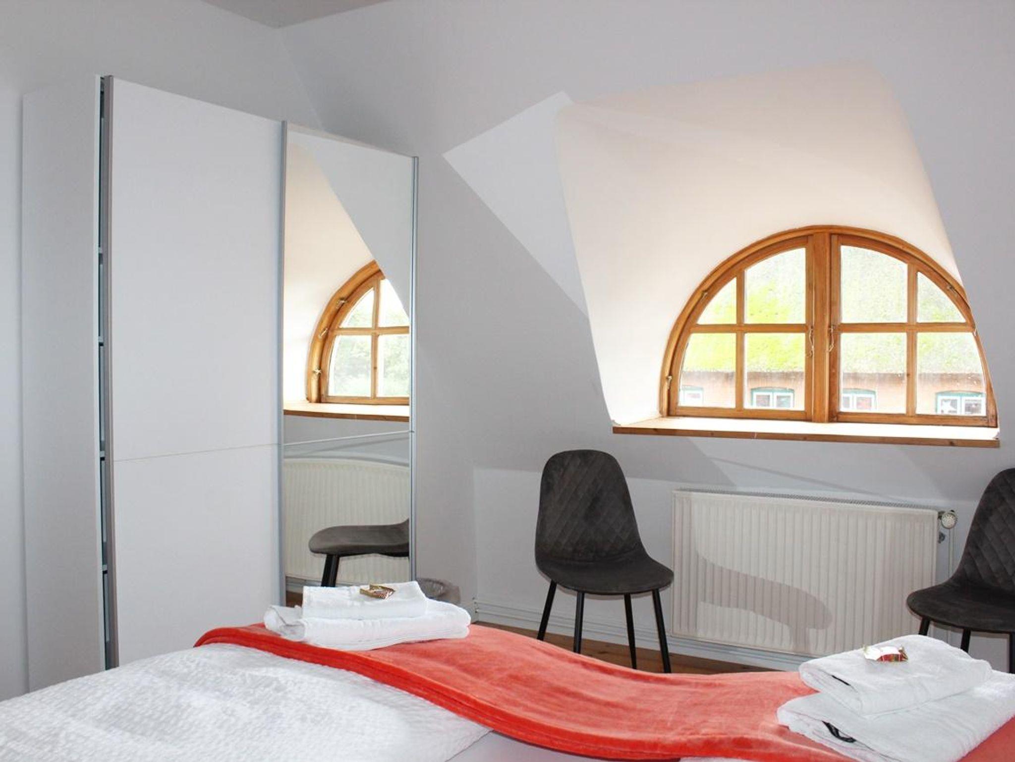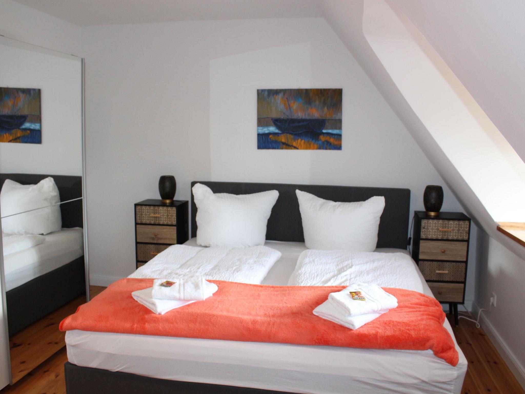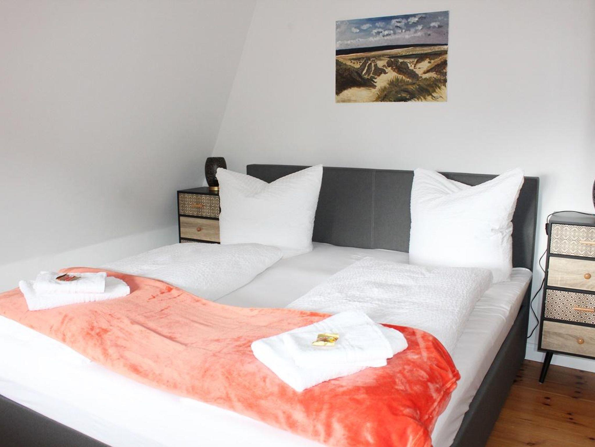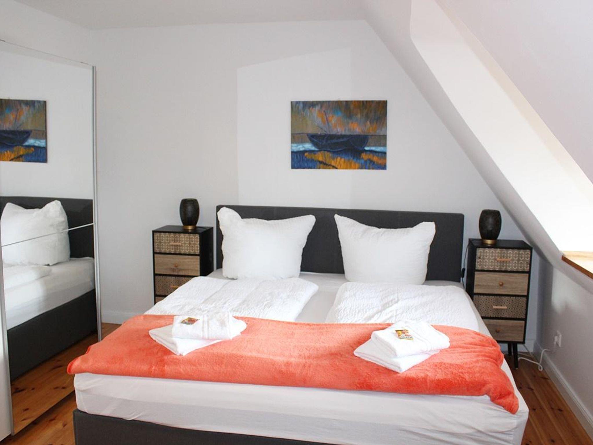 1. Schlafzimmer: Doppelbett (1,80 x 2,00m), zweitüriger Spiegelschrank, Kommode
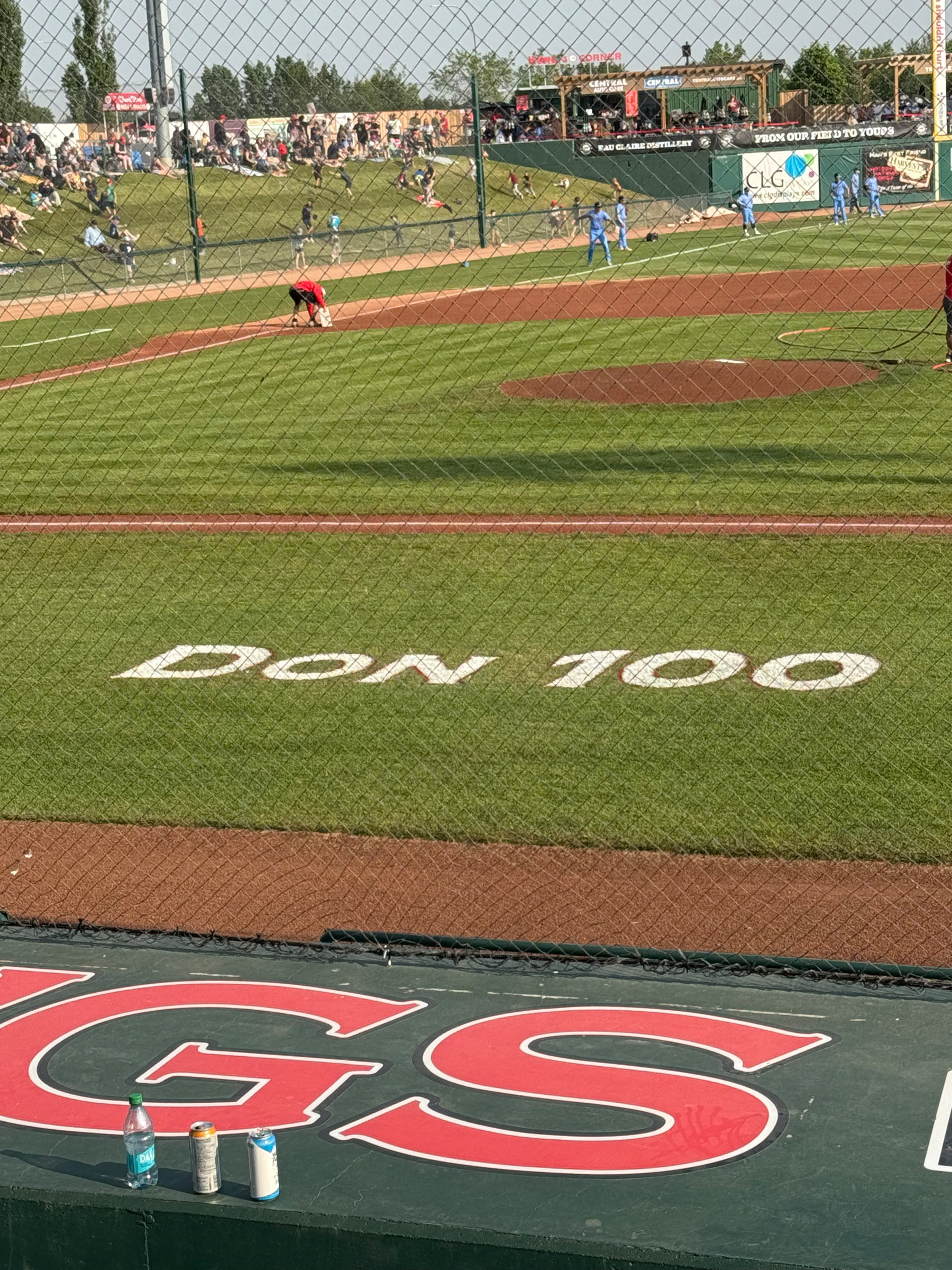 I took a trip out to Okotos, Alberta recently and ended up at a baseball game at Seaman Stadium, home of the Okotos Dawgs. It’s a great spot to watch a game, but what really caught my attention wasn’t the baseball, it was two words painted right on the field: “Don 100.”
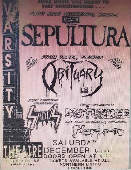 07/11/1989; Concert at Foufounes Electric, Montreal, QC, Canada. with Faith Or Fear. Devastation & Obliveon play. (no Sep or F.O.F., visa problems).
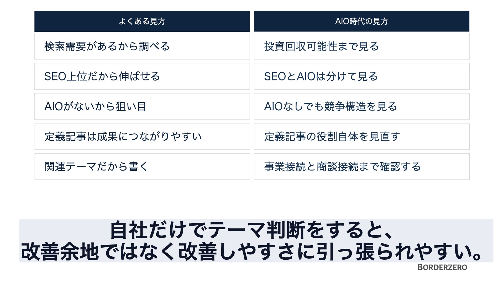 実際には、同じように見えるテーマでも、事業接続性や商談接続性、AIOに吸収されやすいかどうかによって、今すぐ対策すべきものと今は見送るものが分かれます。
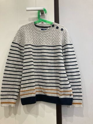 Bellissimo maglione per bambino, perfetto per l'autunno e l'inverno. - Maglia a righe blu e grigio. - Dettagli in maglia intrecciata sulla parte superiore. - Polsini e fondo in maglia a coste. - Chiusura con bottoni sulla spalla. 12anni
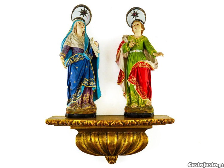 Imagens de Calvário em madeira com olhos de vidro - Nossa Senhora e São João Evangelista.
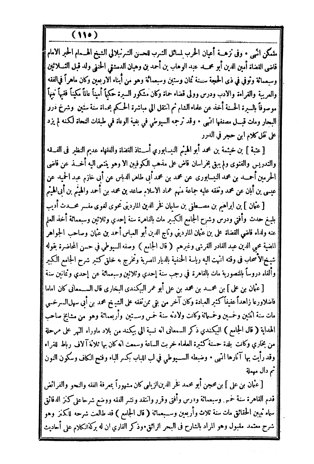 [عثمان بن علي] بن محجن أبو محمد فخر الدين الزيلعى كان مشهورًا معرفة الفقه والنحو والفرائض قدم القاهرة سنة خمس، وسبعمائة ودرس وأفتى وقرر وانتقد ونشر الفقه ووضع شرحا على كنز الدقائق سماء تبين الحقائق مات سنة ثلاث وأربعين وسبعمائة.
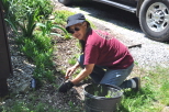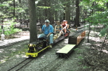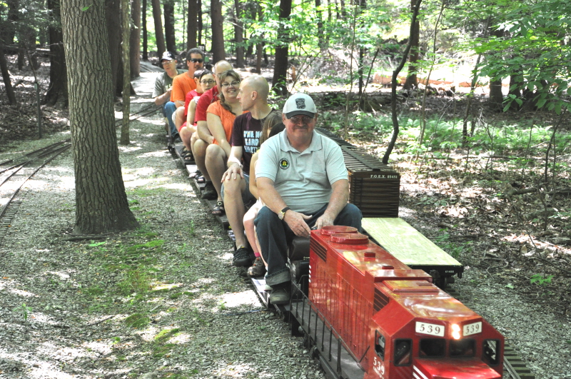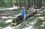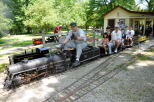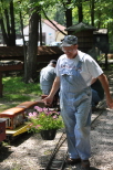 Marie Nyland tending to her garden she created along the fence in front of our Switch Building. Scott Hewis at the controls of Paul Emch's NKP train on the grade crossing for the Park Access Road just past Zip Junction with his passengers. |
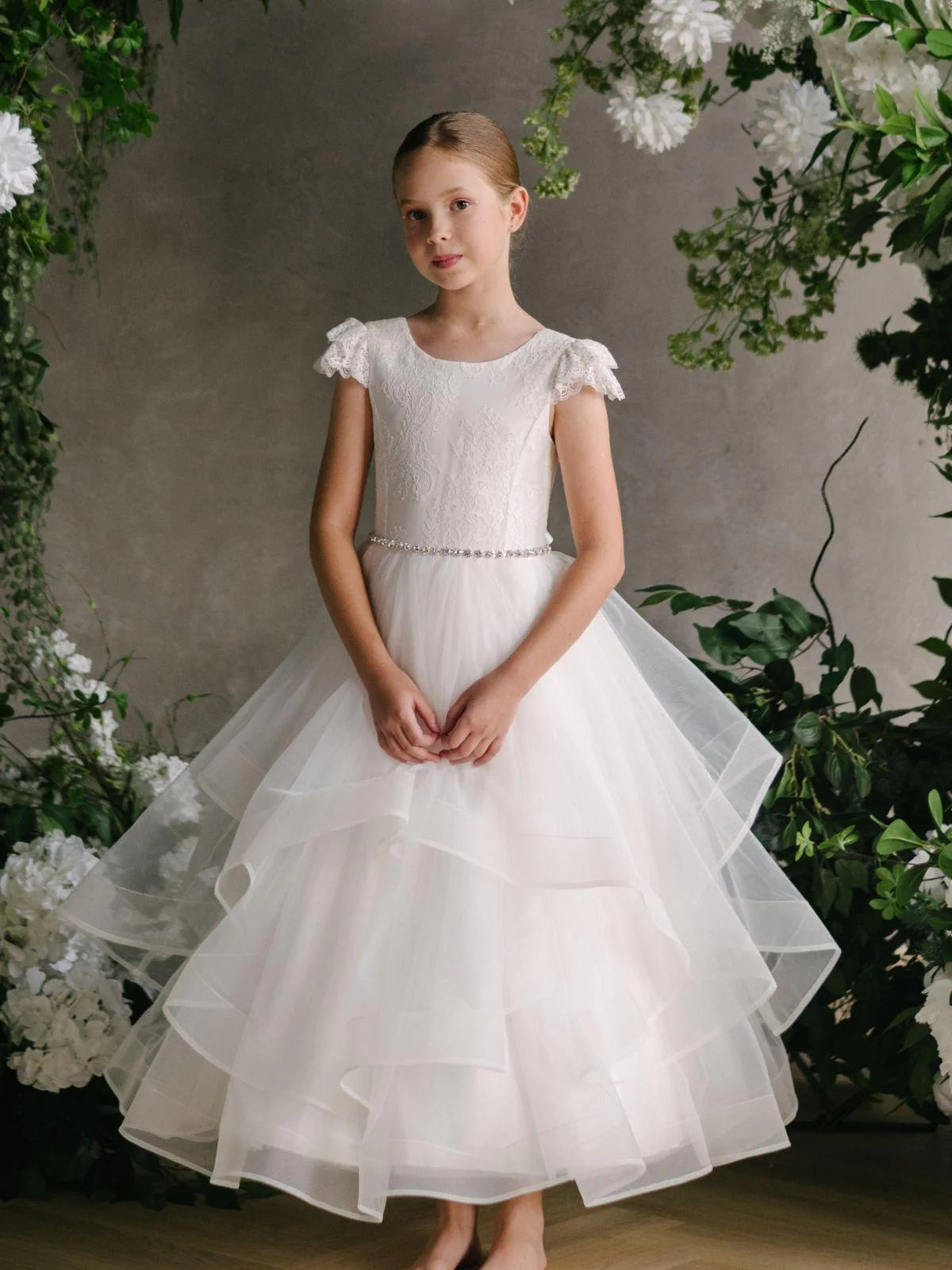 The Julianna dress is a dreamy Teter Warm Couture gown crafted for timeless elegance. Featuring a soft lace bodice with delicate cap sleeves and a flattering V-back, this full-length gown dazzles with its layered tulle skirt and sparkling waistline detail. The floral lace overlay and cascading silhouette make it an enchanting choice for communion, flower girl, and formal occasions. A graceful bow at the back adds a finishing touch of sophistication.
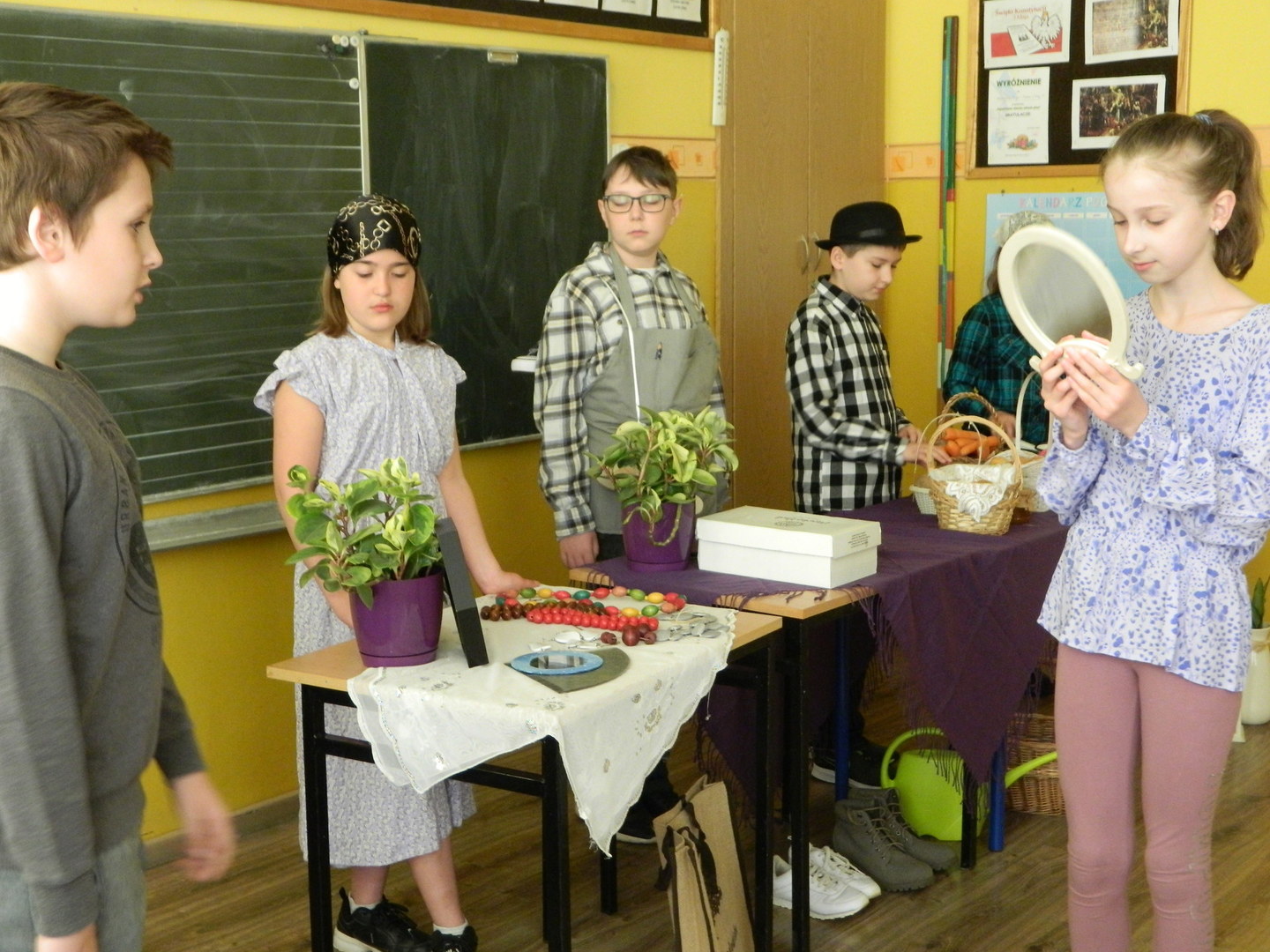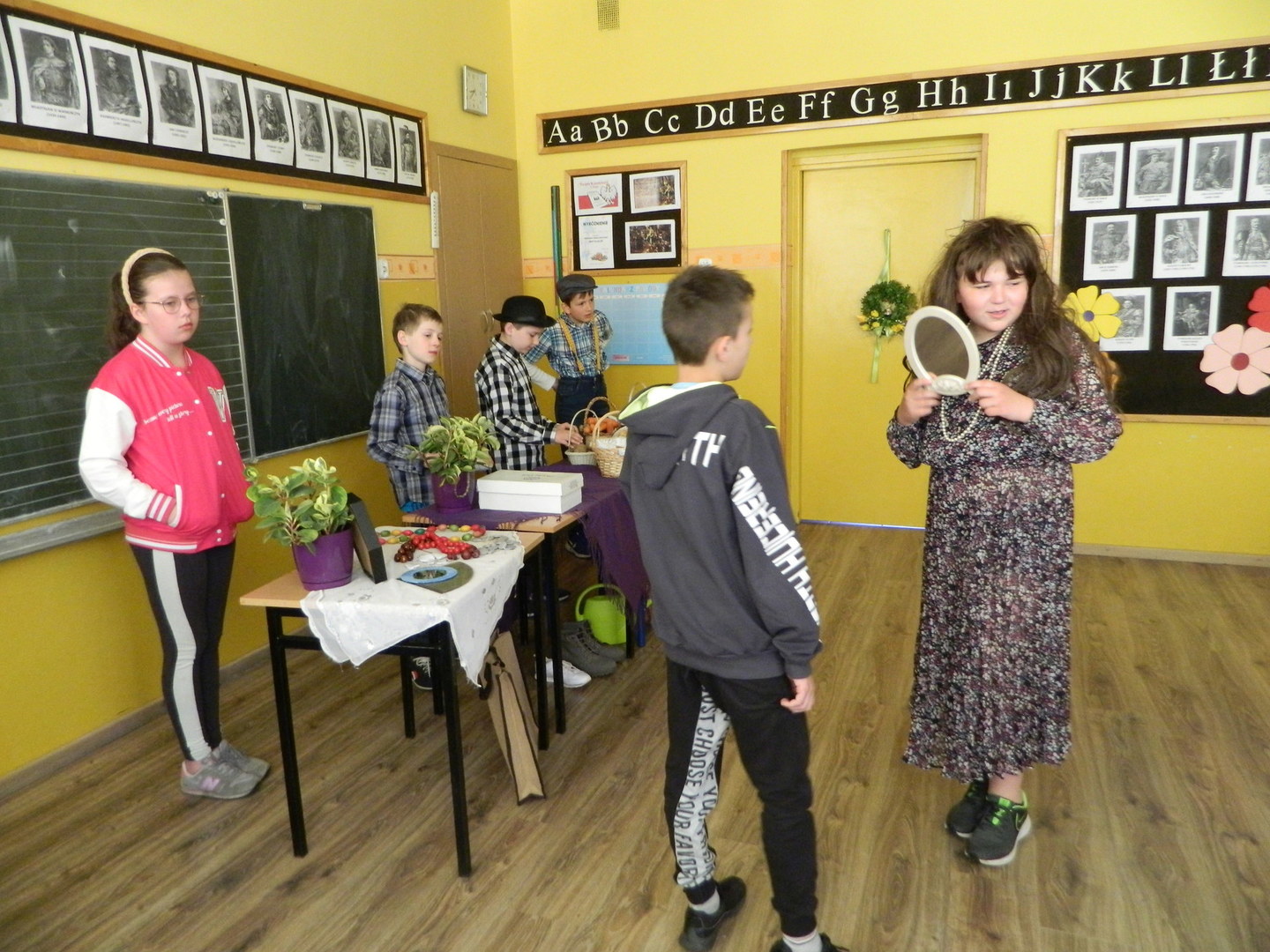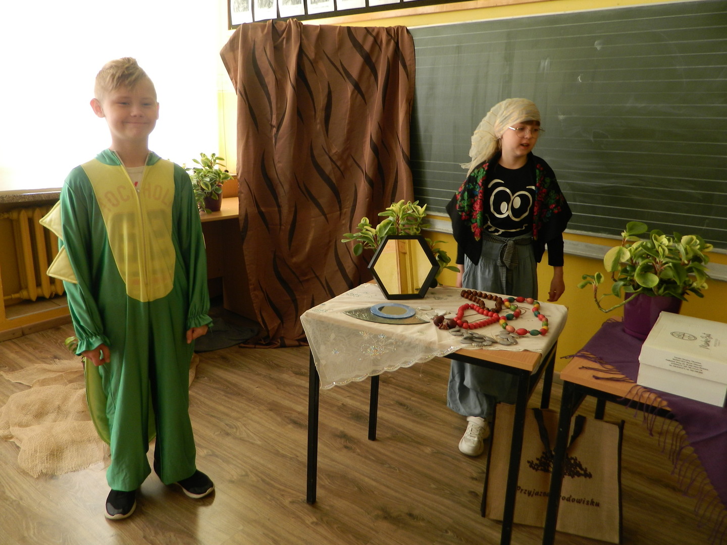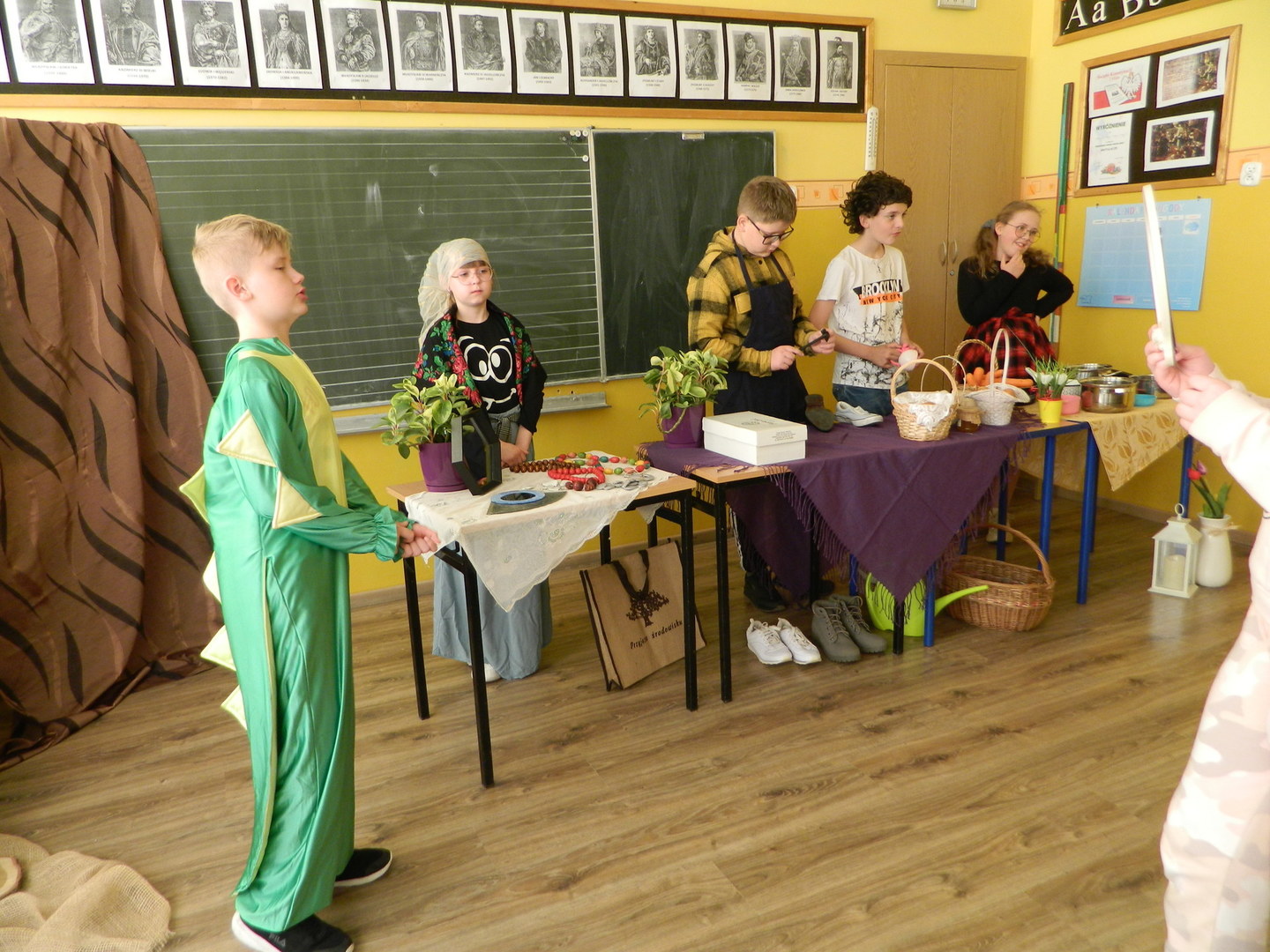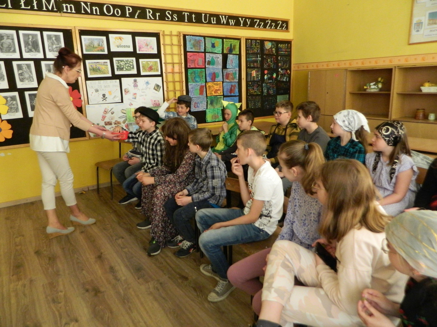 Środa, 4 maja, okazała się dniem pełnym wrażeń zwłaszcza dla uczniów klasy IV, którzy mogli pochwalić się swoimi aktorskimi umiejętnościami. Z wielkim zaangażowaniem podjęli dodatkowe zadanie przedstawienia historii „Bazyliszka” w oparciu o tekst omawiany na lekcji j. polskiego. Uczniowie przygotowali odpowiednie rekwizyty i stroje (wg własnego pomysłu). Doskonale wcielali się w swoje role, pokazując, że „życie i teatr” mogą się pięknie przeplatać w naszej szkolnej rzeczywistości. Młodzi aktorzy zostali docenieni słodkim upominkiem otrzymanym od p. Dyrektor.

TASK ITEM
Repeat the lines above exactly, beginning with the one containing "[عثمان بن علي]" and finishing with the one containing "The Julianna dress". No pictures belong in the copy.

RESPONSE TO THIS EXERCISE
 [عثمان بن علي] بن محجن أبو محمد فخر الدين الزيلعى كان مشهورًا معرفة الفقه والنحو والفرائض قدم القاهرة سنة خمس، وسبعمائة ودرس وأفتى وقرر وانتقد ونشر الفقه ووضع شرحا على كنز الدقائق سماء تبين الحقائق مات سنة ثلاث وأربعين وسبعمائة.
 Marie Nyland tending to her garden she created along the fence in front of our Switch Building. Scott Hewis at the controls of Paul Emch's NKP train on the grade crossing for the Park Access Road just past Zip Junction with his passengers. |
 The Julianna dress is a dreamy Teter Warm Couture gown crafted for timeless elegance. Featuring a soft lace bodice with delicate cap sleeves and a flattering V-back, this full-length gown dazzles with its layered tulle skirt and sparkling waistline detail. The floral lace overlay and cascading silhouette make it an enchanting choice for communion, flower girl, and formal occasions. A graceful bow at the back adds a finishing touch of sophistication.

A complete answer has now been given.